I was stalling, of course. I knew that what I intended would have severe repercussions, and I intended to do it anyhow.

There was a mystery afoot, and one that could prove to be too large for the Bakers—for my friend—to handle alone.

Swallowing hard, I raised a trembling hand.

Closing my eyes, I centered myself squarely upon my feet, seeking that balance that served me so well before a tumbling. Ashmore had recognized early that the core of my strength—the well, he called it—stemmed from that same place.

Draw upon that, and I could unlock the alchemical secrets of the world.

One Trump at a time.

Or, in this case, skip three steps ahead.

My fingers sketched a symbol into the thick air, the letter
E
rotated upwards on its side. I thought it would be enough, but as my mouth shaped the word, my hand swept through the sign I’d called and drew a five-pointed star. Such instincts were a dangerous benefit to the art. “
Eon
,” I said.

The word did not fall from my lips so much as fly, and as I opened my eyes, ashes of the letter I’d drawn crumbled to dust in the shadow of a brilliant blue star.

The alley no longer squatted in darkness and fog.

If the world was created of the four basic elements—water, earth, fire and air—then aether was the fifth that gave it all life. Unlike the obvious elements, quintessence, as the alchemists preferred it, hid beneath the four.

And while they were impermanent, aether was everlasting.

This trait, this peculiarity, might allow a learned alchemist to see the patterns within the world that aether formed.

True to the last time Ashmore had helped me call upon
Eon
, the whole of my sight filled with strains of color. Blue, mostly, as that seemed to be the manner in which the human mind was meant to view such matters.
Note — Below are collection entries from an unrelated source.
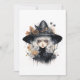 Cute Victorian witch watercolor-style Halloween card with black and orange accents.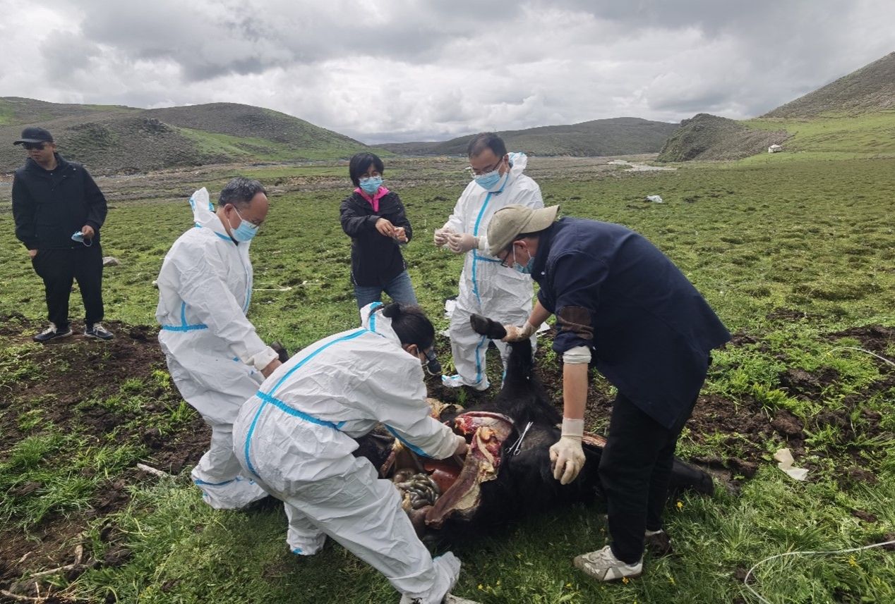 18日上午,在新龙县农牧农村科技局人员的陪同下,德赢VWIN官方网站四位专家又一次前往新龙县友谊乡,对牧户中的一头牦牛突然死亡进行现场病例解剖与疾病诊断。专家团队冒着高反的不适,在牧场下风口进行了为期一个半小时的病死牛只病例解剖。通过解剖发现,该牛只死于肺炎,气管中充满白色泡沫样痰,牛只运动导致急性呼吸衰竭而死亡,专家团队还对发病组织取样带回单位实验室进行病理学分析。随后,针对牧户反馈牦牛群中有部分牛只也出现相同病症,专家团队开具了处方单,并向牧户一一介绍了各药品的使用方法和剂量。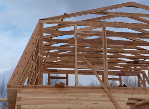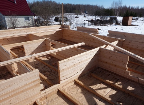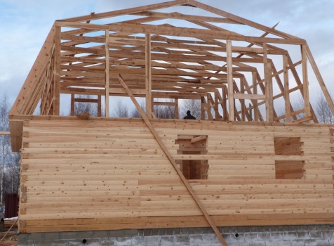 • Стропила: межэтажные перекрытия 100×150 через 90см, стропильная система 40×150 через 90 см, выгородка комнат 40×150.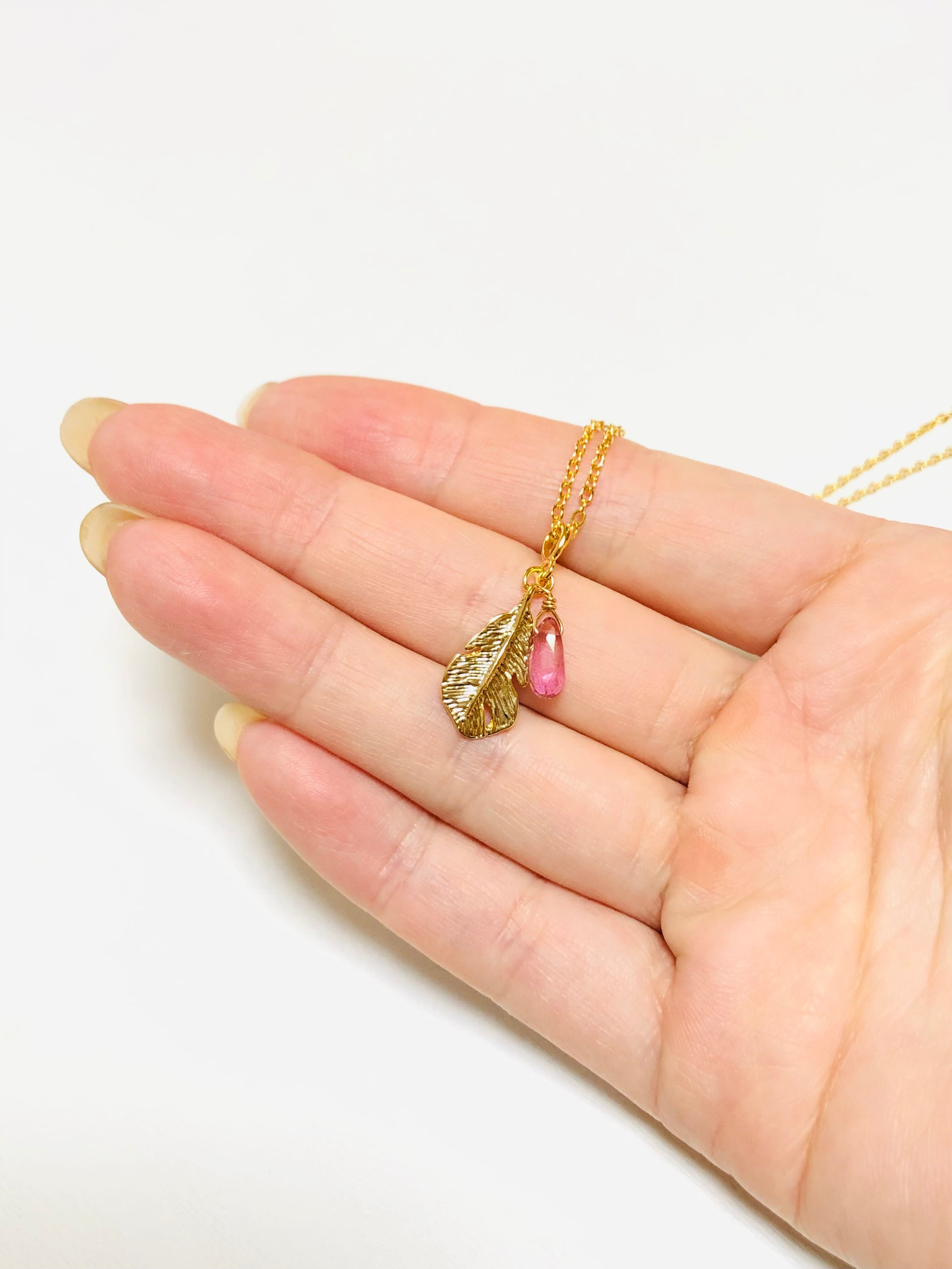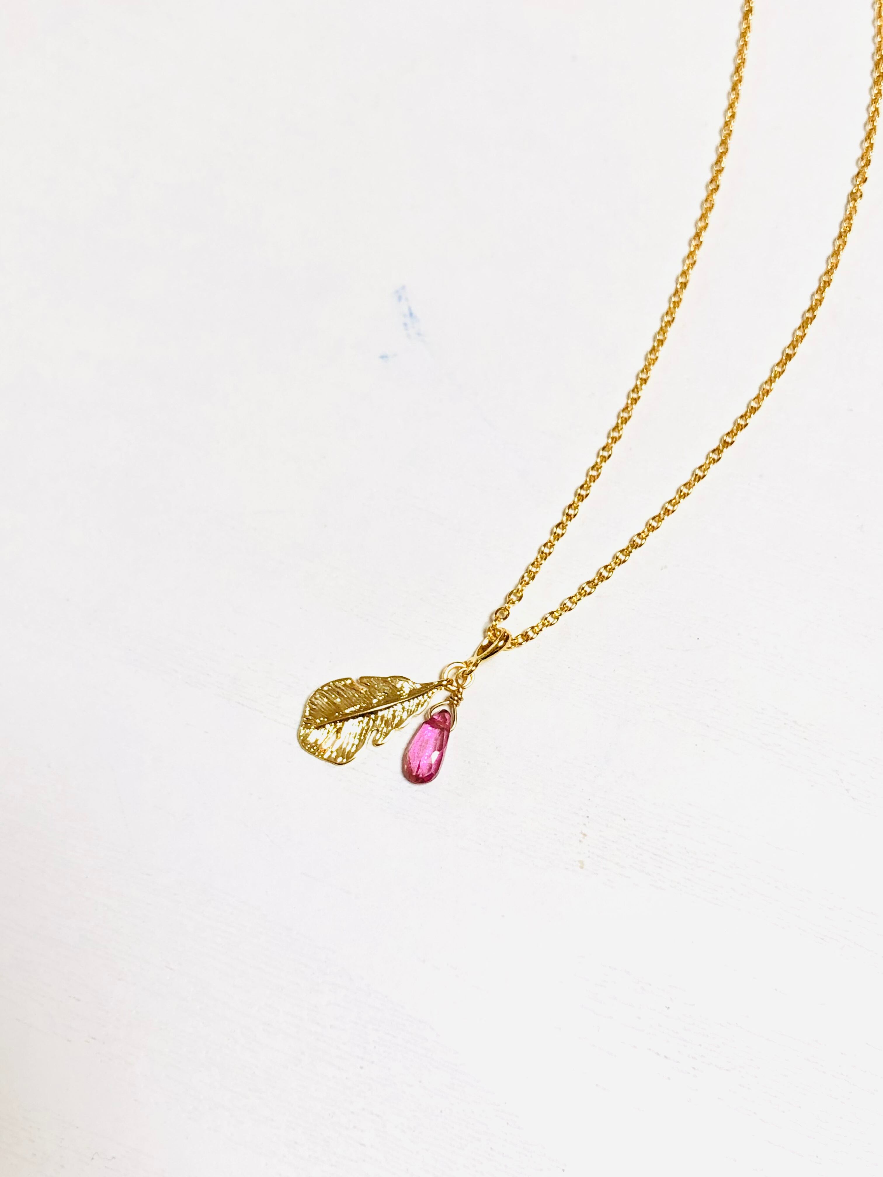 宝石質ピンクトパーズと羽根のネックレス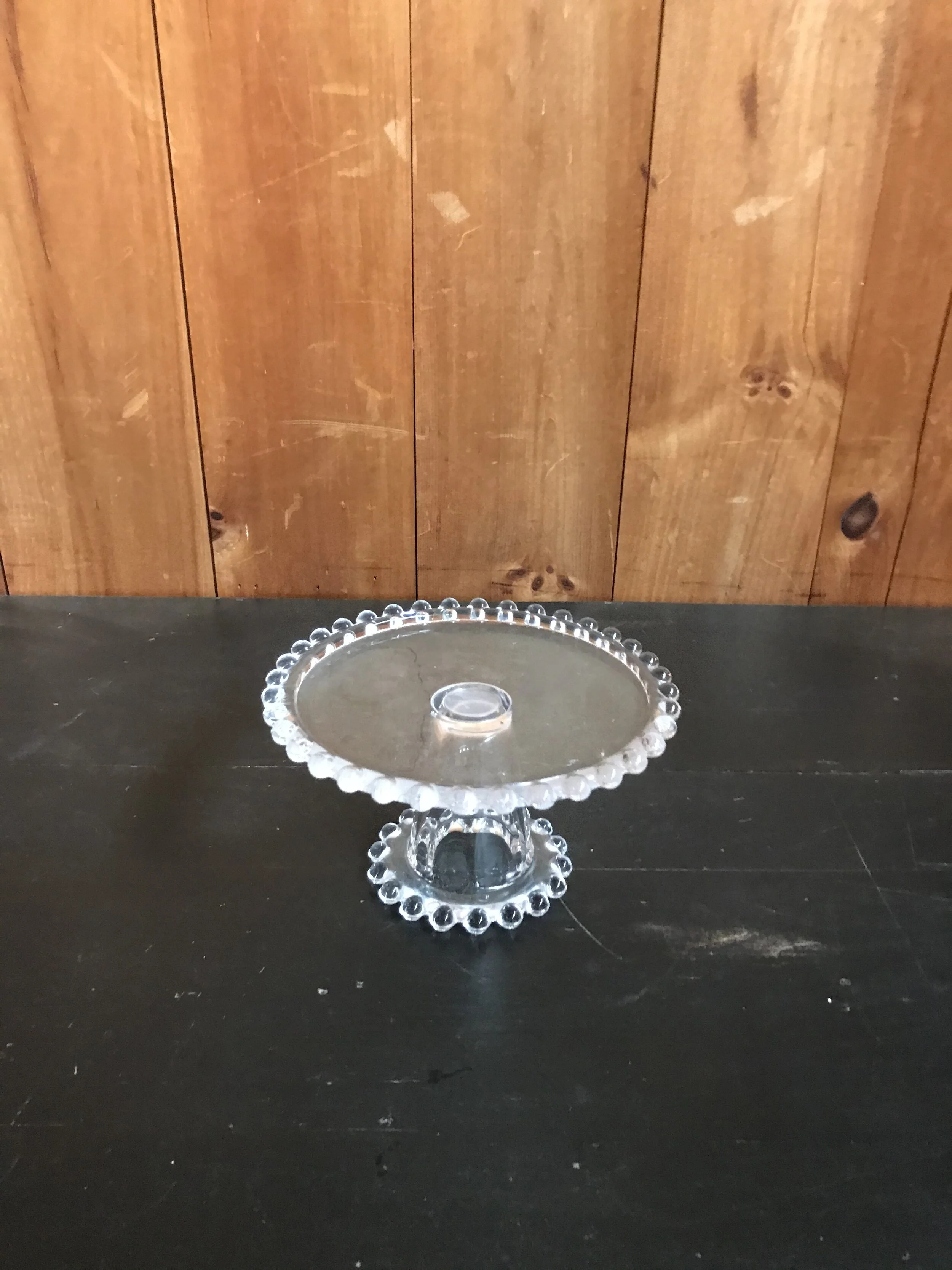 Food stands and tiers: six large silver three tier displays, assortment of cake stands (wood, glass and metal). If you need a specific size, please ask or plan to bring your own.

Farther down the alley, Ishmael’s presence burned like a star. Those that lived did so, for academic minds suggested that aether is what the soul was made from. It animated the flesh. A body without quintessence was not an ambulatory one.

The fog burned an ugly, sickly blue, and the strains of aether within my own hands gleamed in woven skeins. Within my flesh, there were other colors. Gold, violet and the faintest filaments of crimson.

The latter were most likely remnants of my mother’s scarring—or perhaps indication of the legacy I bore as her child. Before my sobriety took hold, I had dreamt of crimson threads strangling the life from me. They had been attached to Josephine St. Croix in more ways than symbolically.

I hadn’t dreamt of such things since her destruction.

Squinting in the overly bright glow assaulting my night eyes, I turned my attention away from the fascinating display and towards the body left to rot.

If the elements that created the physical body were meant to disguise the quintessence within, than the corpse splayed upon the sheened alley cobbles was clay molded by a harsh hand. The expected gleam of blue had become a muddled shade stained by copper, and a deep red that reminded me more of festering wounds than anything particularly healthy.

The bonds of aether that united all things seemed bent around the body, oddly kinked as a cable twisted too far, and stray threads vanished into nothing at all.